October 22, 2020 | by Michael Dickson and Dr. Naomi L. Baum

Most people don’t fall from an Apache helicopter and live to tell the tale. That’s just one of the things that make Noam Gershony different.

After a tense final round, the medal is placed around the champion’s neck. He shakes hands with the official and looks down at the heavy gold medal, bearing the words “XXX Olympiad London 2012,” cradling it in his hand as he shakes his head in disbelief. A bouquet of flowers is thrust into his arms. He holds the flowers aloft in one hand and the medal in the other. The crowd roars out a cheer. He exhales deeply as the stadium announcer’s voice comes across the public address system: “Please stand for the national anthem of Israel.”

“Hatikvah” strikes up as the blue and white flag climbs the flagpole, framed on either side by the American stars and stripes, at a slightly lower perch.
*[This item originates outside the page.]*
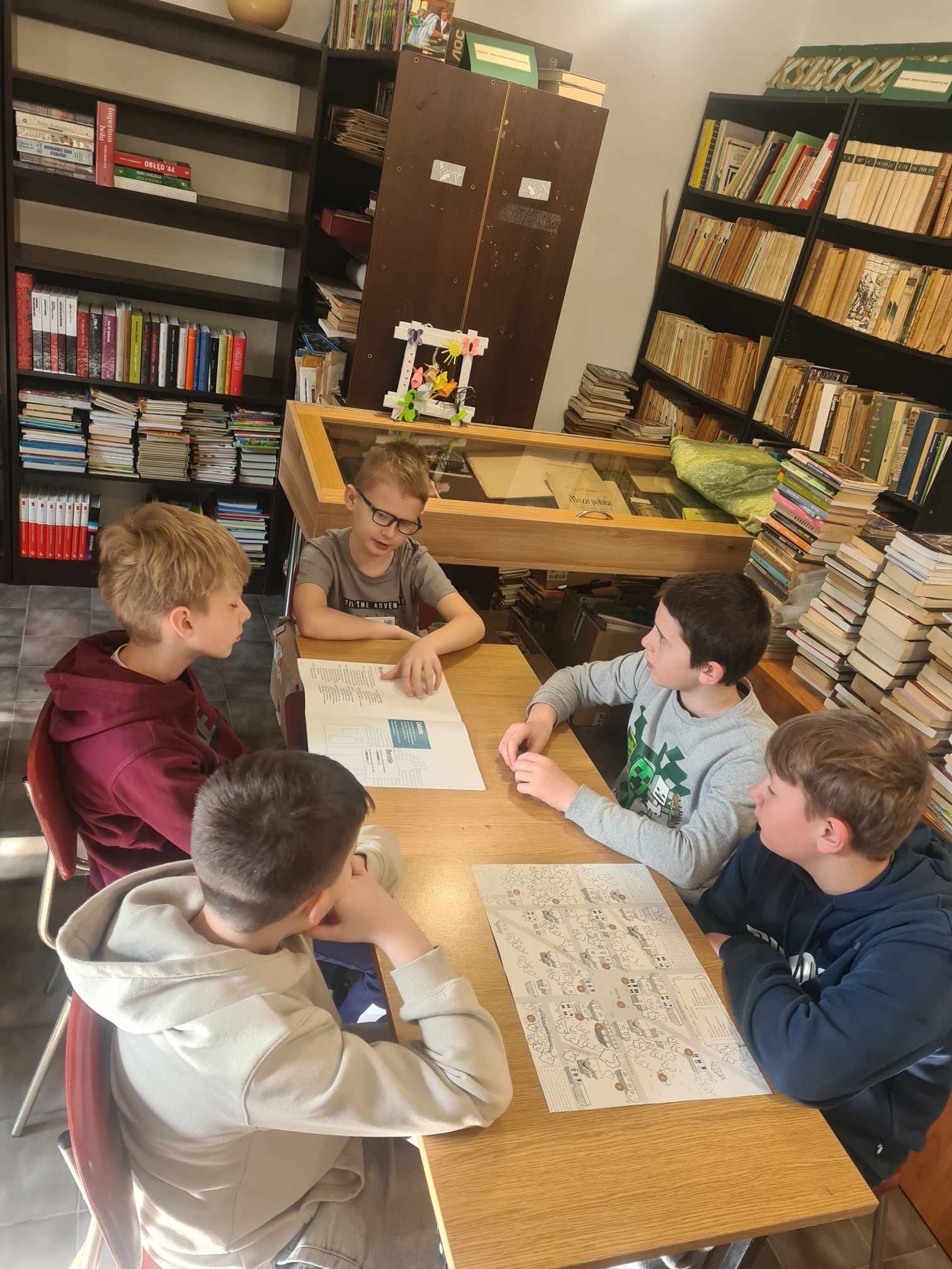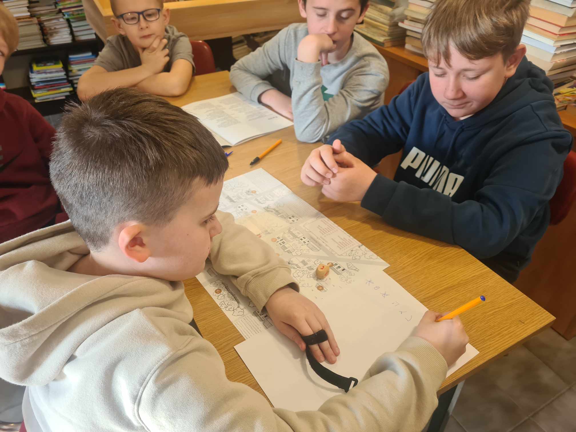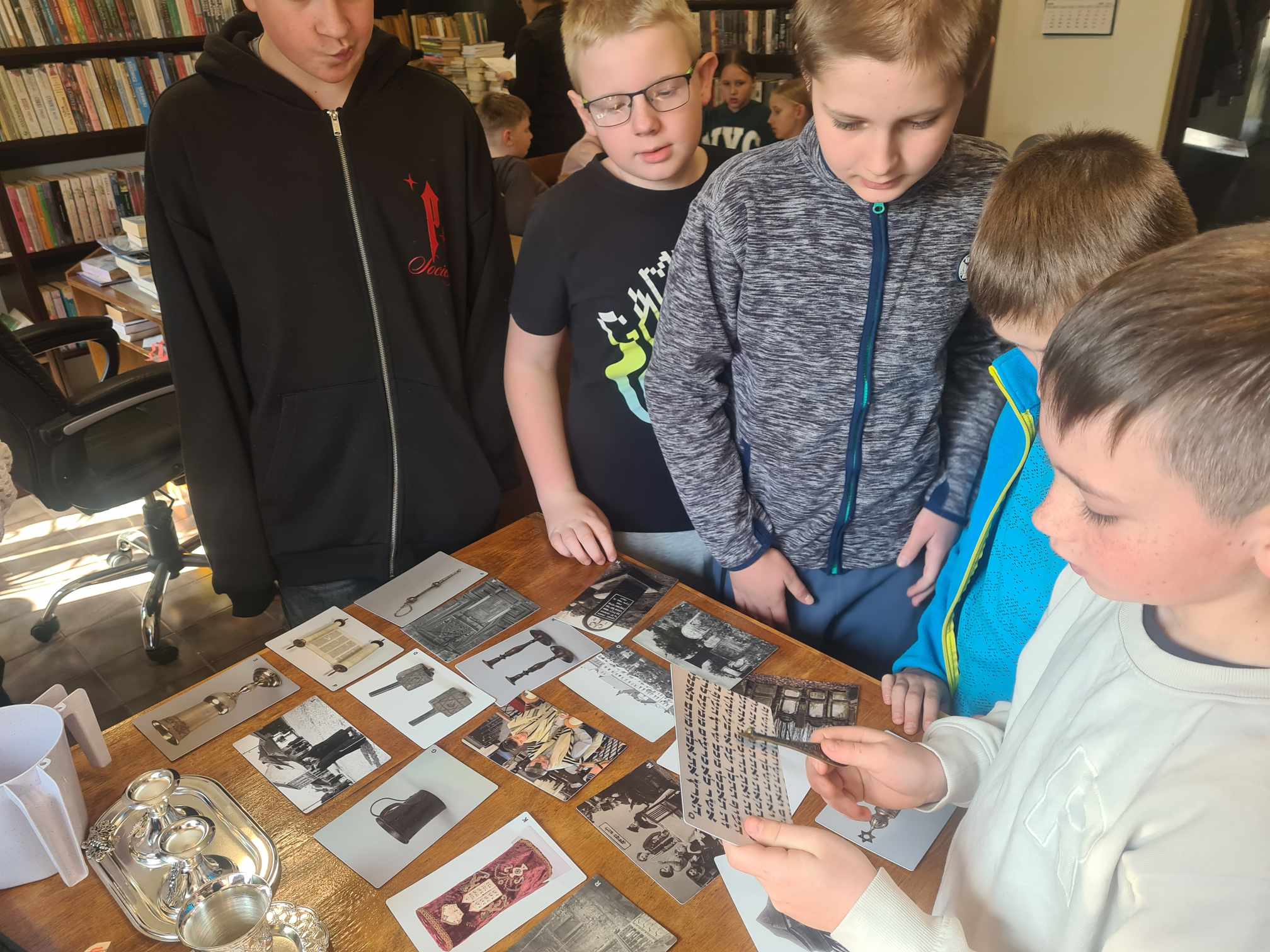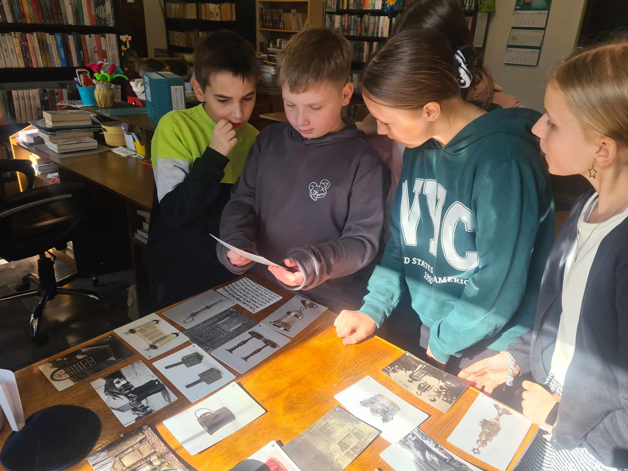 Uczniowie klasy 5 i 6 Szkoły Podstawowej im. Mikołaja Kopernika w Mikołajowicach, 14. kwietnia wzięli udział w warsztatach zorganizowanych w Bibliotece Publicznej w Mikołajowicach, w ramach projektu o nazwie „Muzeum w pudełku”. Warsztaty odbyły się z wykorzystaniem gry narracyjnej „Miasteczko Malki” – nowatorskim narzędziem edukacyjnym pozwalającym w sposób atrakcyjny i aktywny uczyć o elementach kultury i historii polskich Żydów. Uczniom spodobał się ten sposób nauki 🙂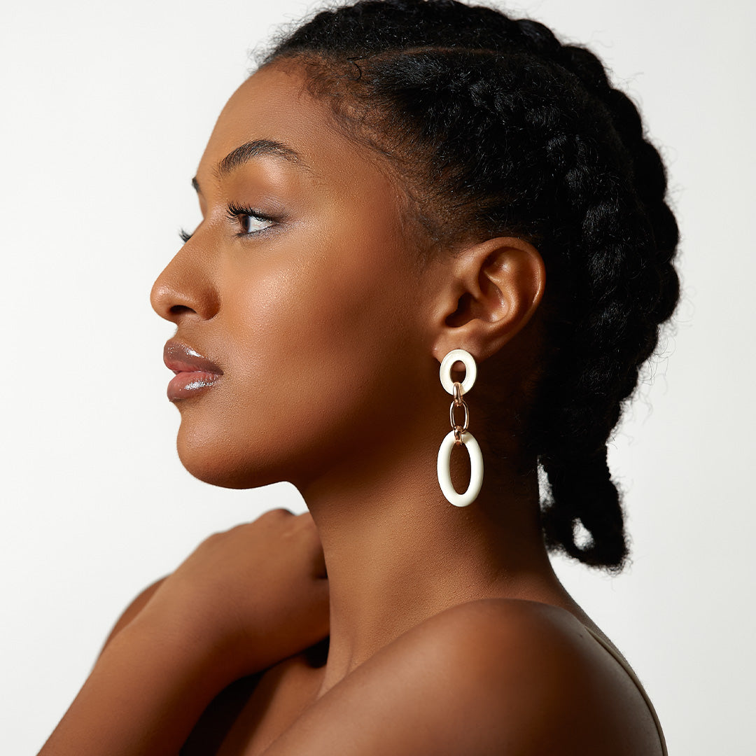 Orecchini realizzati in Italia, in legno d’ulivo laccato e smaltato a mano su una base palladio anallergico placcato oro 24 carati.

He looks down and begins to cry, sobbing and shaking and unable to sing as the music continues.

The Israeli TV sports announcer chokes up as he reports from the scene. As pictures of their champion are beamed into houses all across Israel, the television commentator says:

It’s impossible not to be with him, crying with him right now…on the winner’s podium, with “Hatikvah” playing, tears in his eyes. When you look back to six years ago, at what he has overcome and his journey to get here, there is only one thing to say: kol hakavod [all strength to you], Noam. We are with you. We are here for you. We feel you. We love you.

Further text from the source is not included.